Using the entries that follow, transcribe only the lines from the line with "Православие в жизни" to the line with "axs[4,1].set(title='Validation DFL Loss')plt.suptitle('Training", both included, exactly as they stand and without pictures.

# Data
☆ ☆ ☆ ☆ ☆ ☆ ☆

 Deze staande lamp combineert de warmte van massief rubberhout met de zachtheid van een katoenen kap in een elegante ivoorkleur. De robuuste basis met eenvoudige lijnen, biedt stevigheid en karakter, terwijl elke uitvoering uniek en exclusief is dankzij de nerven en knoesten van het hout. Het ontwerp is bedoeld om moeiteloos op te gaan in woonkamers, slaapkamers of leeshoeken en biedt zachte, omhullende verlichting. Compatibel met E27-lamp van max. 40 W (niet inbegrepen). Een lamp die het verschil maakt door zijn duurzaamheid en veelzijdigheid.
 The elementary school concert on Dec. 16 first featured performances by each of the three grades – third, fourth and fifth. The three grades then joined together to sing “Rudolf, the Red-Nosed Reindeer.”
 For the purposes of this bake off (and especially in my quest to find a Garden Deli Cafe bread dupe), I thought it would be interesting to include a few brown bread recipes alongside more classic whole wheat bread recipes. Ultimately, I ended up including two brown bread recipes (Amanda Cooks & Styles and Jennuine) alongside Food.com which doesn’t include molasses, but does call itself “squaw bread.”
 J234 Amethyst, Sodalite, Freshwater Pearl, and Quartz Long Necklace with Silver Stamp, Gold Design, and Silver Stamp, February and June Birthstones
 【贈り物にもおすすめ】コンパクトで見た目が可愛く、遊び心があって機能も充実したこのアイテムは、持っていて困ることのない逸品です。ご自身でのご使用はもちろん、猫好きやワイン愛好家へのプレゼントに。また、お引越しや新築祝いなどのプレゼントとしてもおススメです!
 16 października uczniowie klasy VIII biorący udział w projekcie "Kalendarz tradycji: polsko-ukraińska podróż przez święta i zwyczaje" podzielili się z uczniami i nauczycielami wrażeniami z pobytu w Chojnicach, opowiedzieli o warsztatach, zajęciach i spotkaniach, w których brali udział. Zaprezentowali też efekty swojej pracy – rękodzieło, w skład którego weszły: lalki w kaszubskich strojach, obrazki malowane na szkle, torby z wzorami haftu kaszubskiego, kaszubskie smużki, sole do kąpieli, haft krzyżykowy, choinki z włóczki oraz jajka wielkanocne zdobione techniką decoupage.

☆ ☆ ☆ ☆ ☆ ☆ ☆

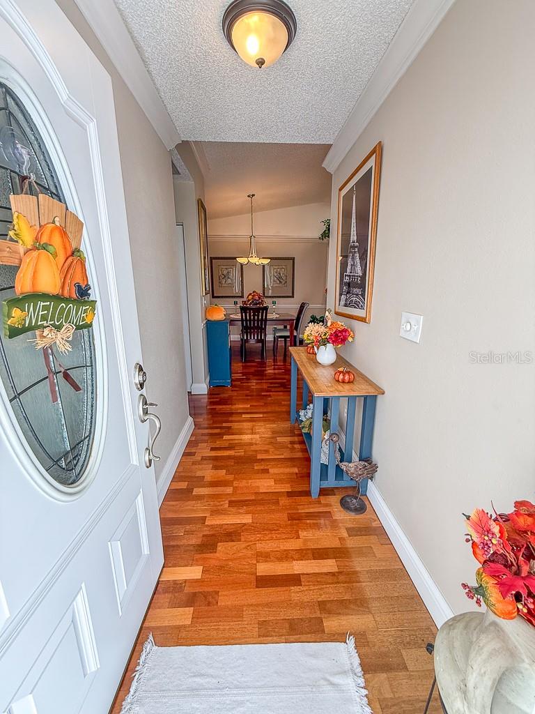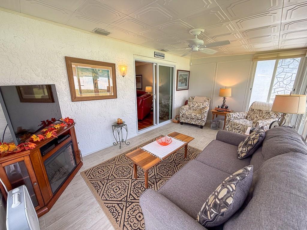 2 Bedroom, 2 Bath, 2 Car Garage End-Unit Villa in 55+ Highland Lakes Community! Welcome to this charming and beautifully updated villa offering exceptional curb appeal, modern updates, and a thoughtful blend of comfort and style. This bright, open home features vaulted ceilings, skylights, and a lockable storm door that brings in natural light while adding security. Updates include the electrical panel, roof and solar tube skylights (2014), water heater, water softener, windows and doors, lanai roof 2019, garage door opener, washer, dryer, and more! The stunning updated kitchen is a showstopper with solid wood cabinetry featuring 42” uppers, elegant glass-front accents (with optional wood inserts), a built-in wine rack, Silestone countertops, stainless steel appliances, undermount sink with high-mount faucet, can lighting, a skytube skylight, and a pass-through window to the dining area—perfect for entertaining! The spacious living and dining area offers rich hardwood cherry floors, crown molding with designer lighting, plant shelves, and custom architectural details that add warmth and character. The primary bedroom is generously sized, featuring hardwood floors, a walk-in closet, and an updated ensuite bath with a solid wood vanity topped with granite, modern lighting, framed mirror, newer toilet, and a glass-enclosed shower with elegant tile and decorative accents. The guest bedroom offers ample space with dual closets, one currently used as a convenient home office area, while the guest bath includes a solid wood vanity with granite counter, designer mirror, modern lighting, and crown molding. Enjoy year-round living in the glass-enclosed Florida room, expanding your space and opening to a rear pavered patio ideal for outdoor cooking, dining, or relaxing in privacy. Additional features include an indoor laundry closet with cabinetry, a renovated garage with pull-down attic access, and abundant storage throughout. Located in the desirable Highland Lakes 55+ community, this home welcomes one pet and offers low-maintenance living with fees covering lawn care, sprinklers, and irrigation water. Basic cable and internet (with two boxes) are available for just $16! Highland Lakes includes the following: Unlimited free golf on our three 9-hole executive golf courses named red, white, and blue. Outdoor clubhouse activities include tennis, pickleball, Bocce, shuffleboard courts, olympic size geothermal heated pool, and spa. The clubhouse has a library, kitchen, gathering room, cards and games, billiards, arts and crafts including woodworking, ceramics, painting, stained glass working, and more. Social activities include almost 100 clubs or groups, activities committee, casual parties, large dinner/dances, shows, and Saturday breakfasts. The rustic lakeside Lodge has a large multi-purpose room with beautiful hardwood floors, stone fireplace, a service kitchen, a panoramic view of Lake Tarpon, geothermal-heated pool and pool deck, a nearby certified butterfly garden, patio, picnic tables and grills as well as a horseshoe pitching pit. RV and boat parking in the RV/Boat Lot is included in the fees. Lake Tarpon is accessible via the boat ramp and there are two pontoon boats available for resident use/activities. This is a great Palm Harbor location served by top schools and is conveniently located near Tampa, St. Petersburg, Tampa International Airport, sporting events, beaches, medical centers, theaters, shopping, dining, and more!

☆ ☆ ☆ ☆ ☆ ☆ ☆

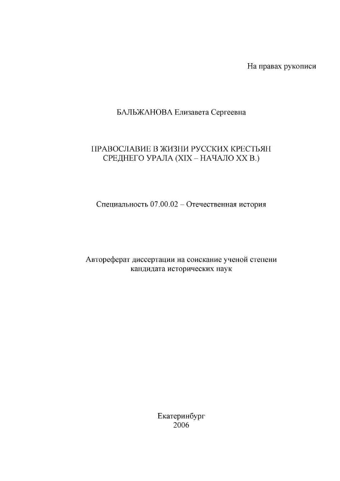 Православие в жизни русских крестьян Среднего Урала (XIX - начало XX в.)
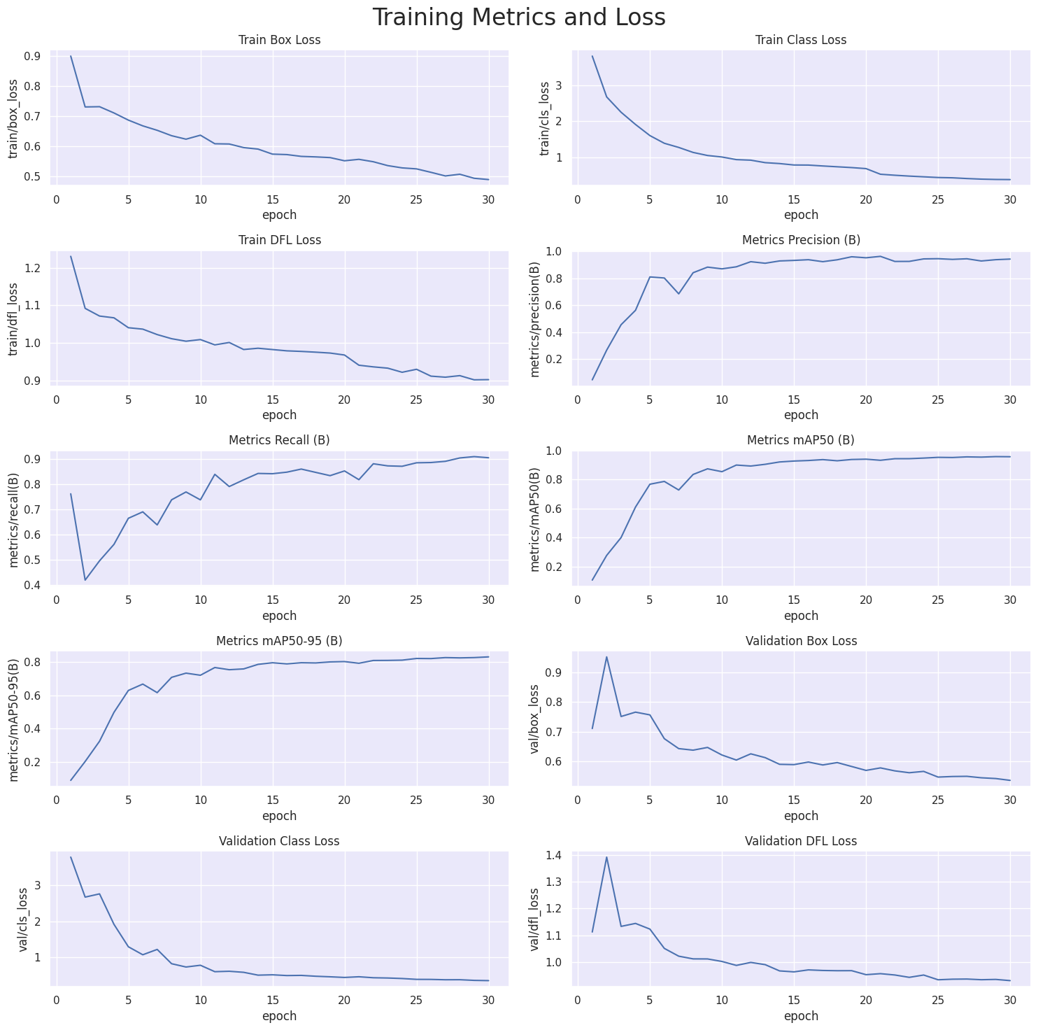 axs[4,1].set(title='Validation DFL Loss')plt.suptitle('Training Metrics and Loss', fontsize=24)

☆ ☆ ☆ ☆ ☆ ☆ ☆

# Output
 Православие в жизни русских крестьян Среднего Урала (XIX - начало XX в.)
 axs[4,1].set(title='Validation DFL Loss')plt.suptitle('Training Metrics and Loss', fontsize=24)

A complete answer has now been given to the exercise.